Linear Regression - Least Squared Distances
Why is it that when doing linear regression on a set of data points, you find the equation of the line such that y = mx + c minimises the squared differences? To me it makes sense that you would want to min the difference, not the squared difference.
What advantage does the using squared differences have over just the difference and why is it done this way?
Re: Linear Regression - Least Squared Distances
Consider the points:
(0,1)
(1,1)
(2,1)
(3,1)
(4,1)
(5,41)
(6,1)
(7,1)
(8,1)
(9,1)
And the linear approximation y = 5.
There is nothing wrong with differences or absolute differences, rather than squared differences. It needs to fit your application, whatever it is. On the other hand, you are studying "least squares". It's a valuable tool. Learn it well. Also, it has convenient mathematical properties that make it simpler to formulate and implement.
Re: Linear Regression - Least Squared Distances
I know how to formulate the line of best fit, I know the properties and usefulness of it and I am not currently studying it. I just dont understand why minimising the squared differences gives a better line of best fit than minimising the absolute differences.

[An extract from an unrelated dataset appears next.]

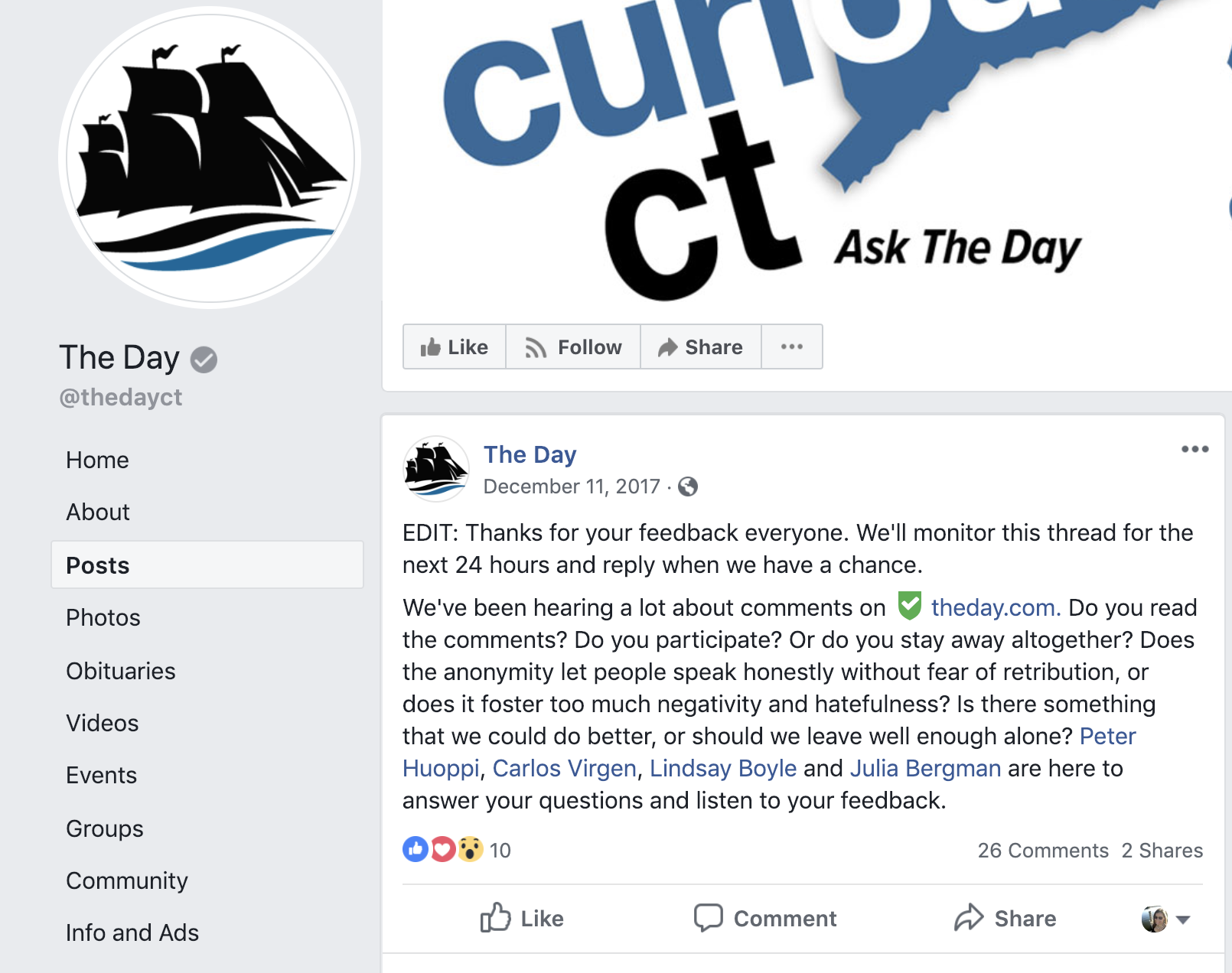 The Day held a Q&A on Facebook by allowing individuals to ask questions by commenting on a post. The newsroom then replied and answered questions in the same comment thread. They invited multiple people from the newsroom to participate and respond. It resulted in a very lively discussion.

Re: Linear Regression - Least Squared Distances
Quote:
Originally Posted by
Corpsecreate
I know how to formulate the line of best fit, I know the properties and usefulness of it and I am not currently studying it. I just dont understand why minimising the squared differences gives a better line of best fit than minimising the absolute differences.
Because the sum of squared differences is differentiable, while the sum of absolute differences is not.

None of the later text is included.